A neutral kaon is denoted by $K^0$. It decays into two charged pions ${\pi }^{+}$ and ${\pi }^{-}$. Now suppose a neutral kaon $K^0$ is moving along positive x-direction and decays into two pions as shown in the figure below.

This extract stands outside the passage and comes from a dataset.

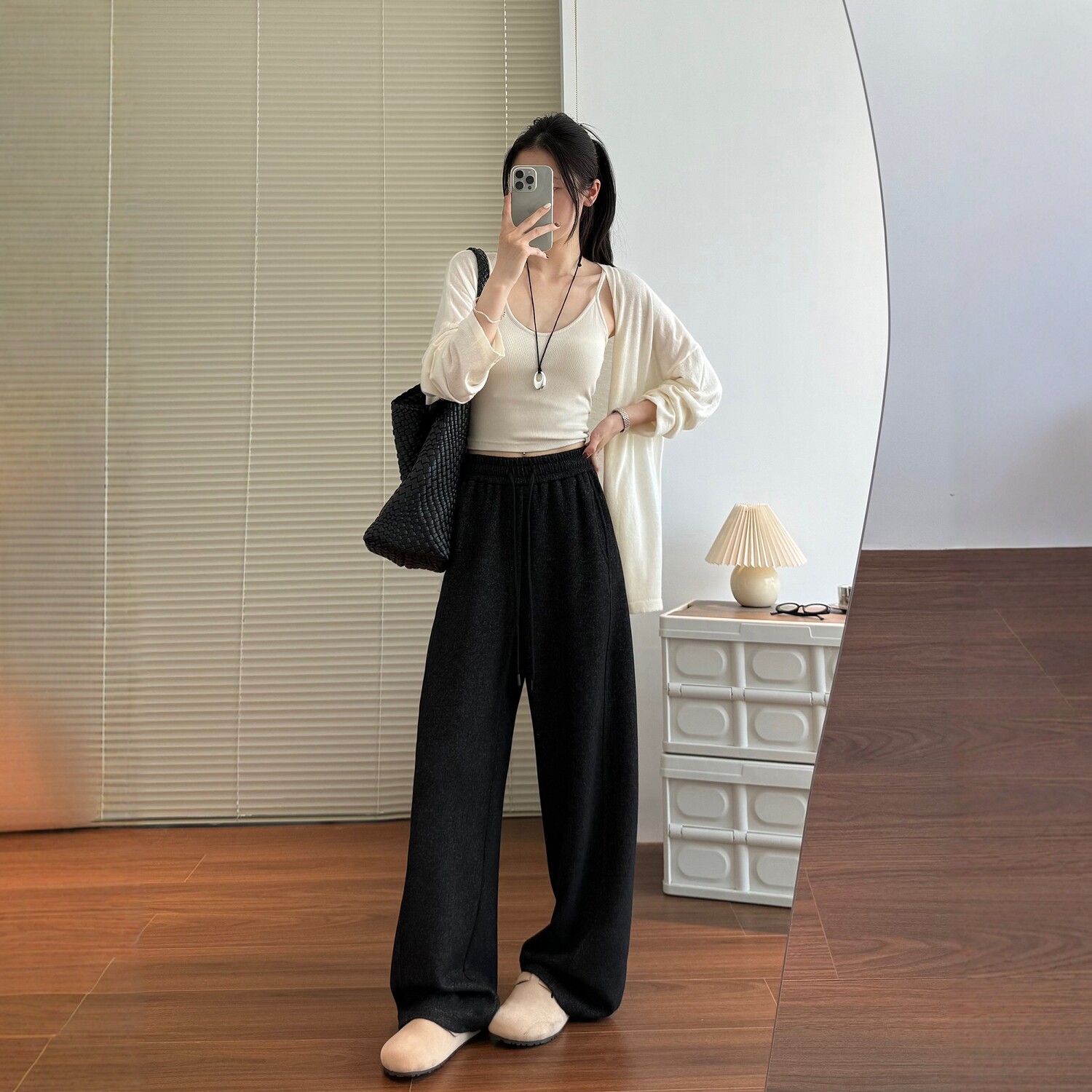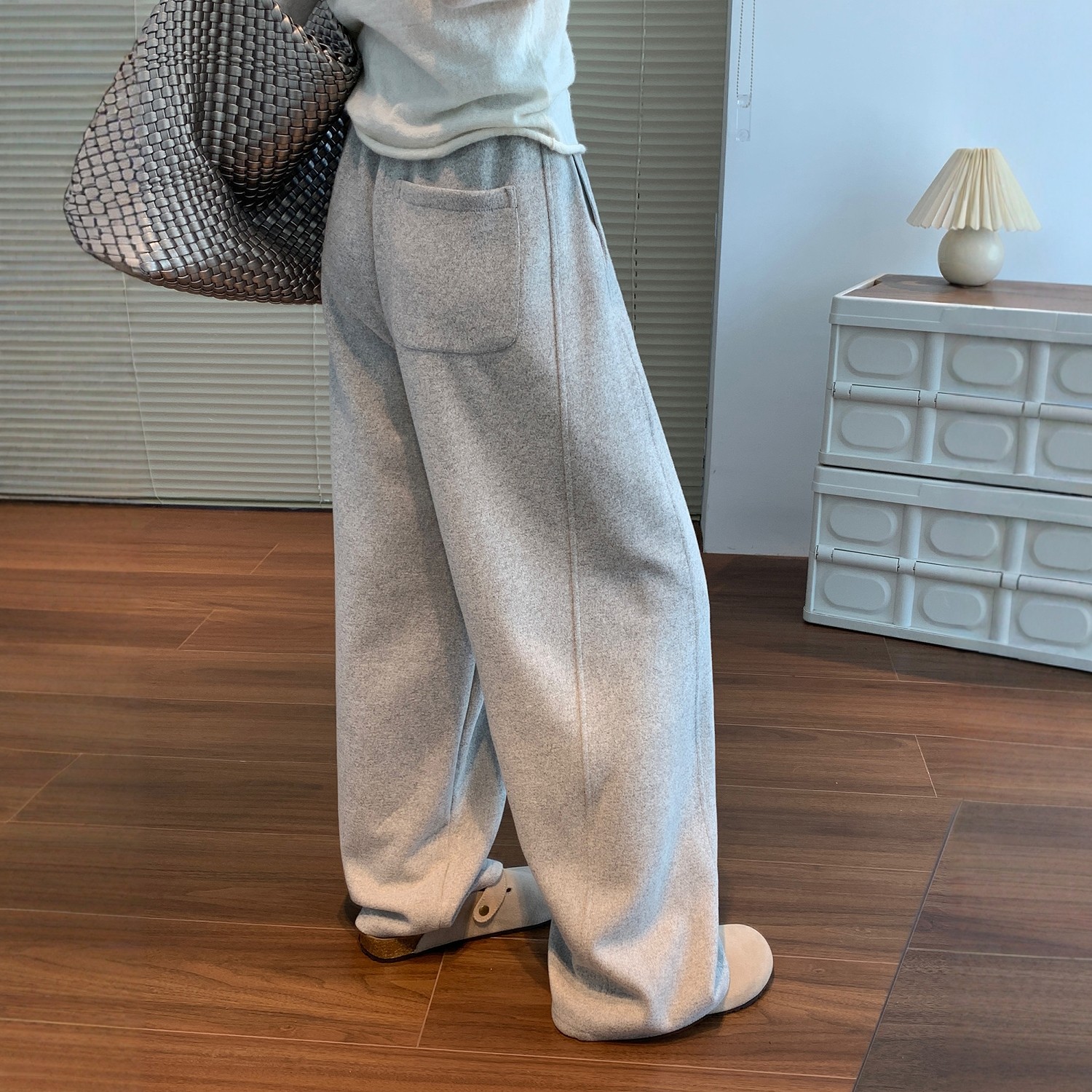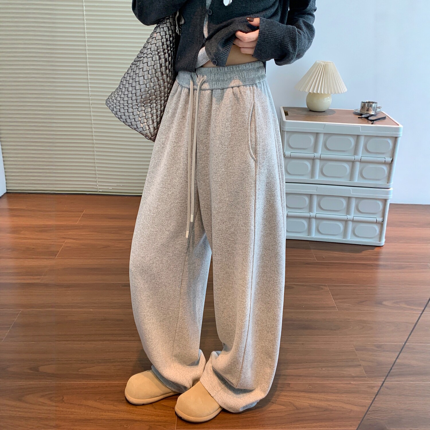 📚 灰色阔腿裤女秋冬加绒加厚垂感弯刀裤子宽松显瘦羊毛针织运动卫裤

One pion ${\pi }^{+}$ moves off at 0.9c and the other pion ${\pi }^{-}$ at 0.8c .

(a) Apply Energy conservation to find the velocity of kaon before decay:

Apply the energy conservation as below.

$$\begin{gathered} {\gamma }_{K^0}{m}_{K^0}{c}^2={\gamma }_{0.9c}{m}_{\pi }{c}^2+{\gamma }_{0.8c}{m}_{\pi }{c}^2 \\ {\gamma }_{K^0}=\left(\frac{\left({\gamma }_{0.9c}+{\gamma }_{0.8c}\right)m_{\pi }}{m_{K^0}}\right) \end{gathered}$$

Finding the Lorentz factors $\left(\gamma =\frac{1}{\sqrt{1-{\displaystyle \raisebox{1ex}{$u^2$}\!\left/ \!\raisebox{-1ex}{$c^2$}\right.}}}\right)$for two pions and putting them in the above equation you get,$$\begin{gathered} {\gamma }_{K^0}=1.11 \\ {u}_{K^0}=0.4384c \end{gathered}$$

(b) Apply momentum conservation separately in x and y direction:

In x-direction,

$$\begin{gathered} {\gamma }_{K^0}{m}_{K^0}{u}_{K^0}={\gamma }_{0.9c}{m}_{\pi }\left(\left(0.9c\right)\cos {\theta }_1\right)+{\gamma }_{0.8c}{m}_{\pi }\left(\left(0.8c\right)\cos {\theta }_2\right) \\ 1.11\left(8.87\times {10}^{-28}kg\right)\left(0.4384c\right)=\left[2.29\times 0.9c\cos {\theta }_1+1.67\times 0.8c\cos {\theta }_2\right]\left(2.49\times {10}^{-28}kg\right) \\ 2.06\cos {\theta }_1+1.34\cos {\theta }_2=1.73 \end{gathered}$$

$1.73-2.06\cos {\theta }_1=1.34\cos {\theta }_2$ ..… (1)

In y-direction,

$$\begin{gathered} 0={\gamma }_{0.9c}{m}_{\pi }\left(0.9c\sin {\theta }_1\right)-{\gamma }_{0.8c}{m}_{\pi }\left(0.8c\sin {\theta }_2\right) \\ 2.06\sin {\theta }_1=1.34\sin {\theta }_2 \end{gathered}$$ ….. (2)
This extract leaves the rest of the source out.